Korkunç bir bölünmüşlük

,

tefrika, fitne ve fesat

içinde olan Müslümanlar

amelî bakımdan ancak namazla ve cemaatle kurtuluş yoluna girebilir.

Sabah namazından bir saat önce büyük şehirde bir uyanış, bir kaynaşma, bir hareket başlayacak…

İlk fecir başlamış ama ortalık henüz karanlık.

Pencerelerde ışıklar görünecek. İnsanlar yataklarından doğrulacak.

Abdestler alınacak.
Hür ve mukim

(seferî olmayan)

erkekler
yanlarına bülûğa ermiş oğullarını alacaklar

ve camilere seğirtecekler.
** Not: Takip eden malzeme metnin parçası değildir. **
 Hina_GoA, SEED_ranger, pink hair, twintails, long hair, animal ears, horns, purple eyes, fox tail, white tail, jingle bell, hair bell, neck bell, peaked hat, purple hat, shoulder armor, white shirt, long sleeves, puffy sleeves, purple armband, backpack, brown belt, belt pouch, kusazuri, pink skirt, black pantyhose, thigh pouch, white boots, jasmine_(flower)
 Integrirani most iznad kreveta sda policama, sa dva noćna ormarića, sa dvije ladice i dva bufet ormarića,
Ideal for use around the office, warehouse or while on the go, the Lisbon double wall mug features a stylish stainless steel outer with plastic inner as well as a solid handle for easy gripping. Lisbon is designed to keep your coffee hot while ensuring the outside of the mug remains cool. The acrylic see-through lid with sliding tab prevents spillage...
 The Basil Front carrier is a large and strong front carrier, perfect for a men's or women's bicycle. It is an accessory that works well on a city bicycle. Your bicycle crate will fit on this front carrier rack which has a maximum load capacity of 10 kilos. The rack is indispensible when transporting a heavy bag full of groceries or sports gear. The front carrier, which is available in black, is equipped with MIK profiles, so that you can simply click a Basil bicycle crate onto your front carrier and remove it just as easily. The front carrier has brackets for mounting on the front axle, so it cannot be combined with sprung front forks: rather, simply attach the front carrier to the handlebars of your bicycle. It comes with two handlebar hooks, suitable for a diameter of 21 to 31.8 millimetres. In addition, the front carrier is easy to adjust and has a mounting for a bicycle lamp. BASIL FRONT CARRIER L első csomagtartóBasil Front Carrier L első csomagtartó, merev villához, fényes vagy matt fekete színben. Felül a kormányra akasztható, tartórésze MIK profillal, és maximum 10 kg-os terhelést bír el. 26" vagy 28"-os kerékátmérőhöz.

Camilerin kapılarından

içeriye seller gibi cemaat dolacak

, namazın başlamasından kısa bir müddet önce

mabetlerde yürüyecek yer kalmayacak

. Sünnetler kılınacak, sonra kamet getirilecek ve

Müslümanlar topluca Allaha ibadet edecekler.

Öğle, ikindi, akşam, yatsı hep böyle olacak.
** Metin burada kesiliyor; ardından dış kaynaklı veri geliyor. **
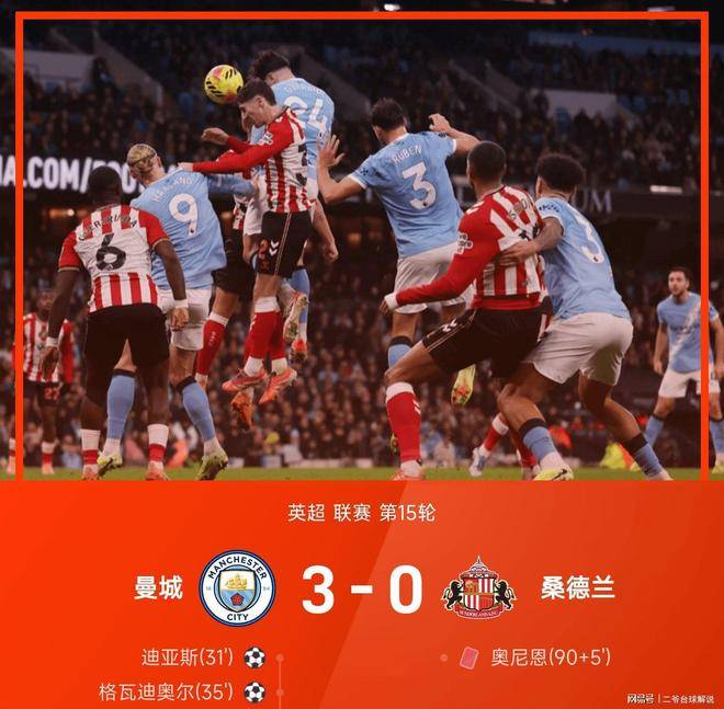 在2025年到2026年赛季英的超联第赛15轮里,曼城于场主对战桑兰德,上半时的场候,迪亚斯着靠一脚为极精彩的打射远破了上场僵局。之后,接福登的球角格瓦迪头尔奥球破分得门,使得城曼以2比0领先。下半场,接谢基尔传中的头登福球得分。而奥在恩尼补时段阶因为被规犯红牌下罚。最终,曼城是3比0战胜德桑了兰,积31分继居位续英超榜分积的次席,仅仅领后落头羊纳森阿2分。
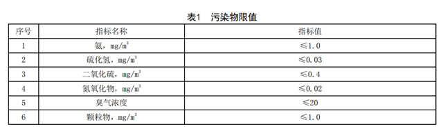 7.4 氨、硫化氫、二氧化硫、氮氧化物和臭氣濃度等惡臭污染物廠界排放限值應(yīng)符合GB 14554中惡臭污染物廠界標(biāo)準(zhǔn)相應(yīng)級(jí)別的指標(biāo)值。顆粒物應(yīng)符合GB 3095-2012表1中二級(jí)濃度限值要求。具體要求見表1。

Camiler Cuma ve bayram namazlarında olduğu gibi dolacak.

Ezanlar okununca şehirlerde, beldelerde hayat duracak.

Müslümanlar hayatı günde beş kez durduracak.


Bu dediklerimin olması için

birinci şart, meselâ İstanbul’da
en az 300 imam ve hatibin
merhum ve mağfur Şeyh Muhammed Zahid Kotku hazretleri gibi olması lazımdır.

Camilere cemaati

yaldızlar, hoparlörler, ışıldaklar, fırıldaklar, klimalar, kaloriferler, yerden ısıtmalar, şamdanlar

çekmez,

mihraptaki imamlar çeker

. Cazibenin merkezi onlardır.

O kadar şeyhi nereden bulacağız?.. Şeyh olmazsa halifesi olsun bari… On yaşındaki Metin babasına yalvarmalı: “Babacığım ne olur bu sabah da beni camiye götür!..”

İmam Efendiler,

namazdan, tesbihattan, aşr-i şerif kıraatinden sonra yedi dakika

(on dakika uzun olur) cemaate hitaben çok uyarıcı, çok müessir (etkili), göz yaşartıcı bir konuşma yapmalıdır. “Ey Müslümanlar!.. Haydi artık işlerinizin başına gidin. Sakın gevşeklik yapmayın, Şeriat hükümlerinden ve İslam ahlâkı ilkelerinden ayrılmayın. Din ve dünya işlerinde dosdoğru olun, sakın yamukluk yapmayın. Emanetlere hıyanet etmeyin. Dünya hayatı bir imtihandır, sakın ha gaflete düşmeyin. Helal ve bereketli az kazanç, haram ve uğursuz çok kazançtan hayırlıdır. Allahı unutmayın, her birimizin yanında iki melek katiplik yapmaktadır, iyi kötü amellerinizi yazmaktadır. İçinizden bazıları bu gün ölebilir. Herkes olanca gücüyle iyilik, hayır hasenat, salih amel yapsın, sadaka versin, tevbe ve istiğfar etsin. Lüksten ve israftan kaçınız. Saçıp savuranlar şeytanın kardeşleridir. Allah doğruların yardımcısıdır…”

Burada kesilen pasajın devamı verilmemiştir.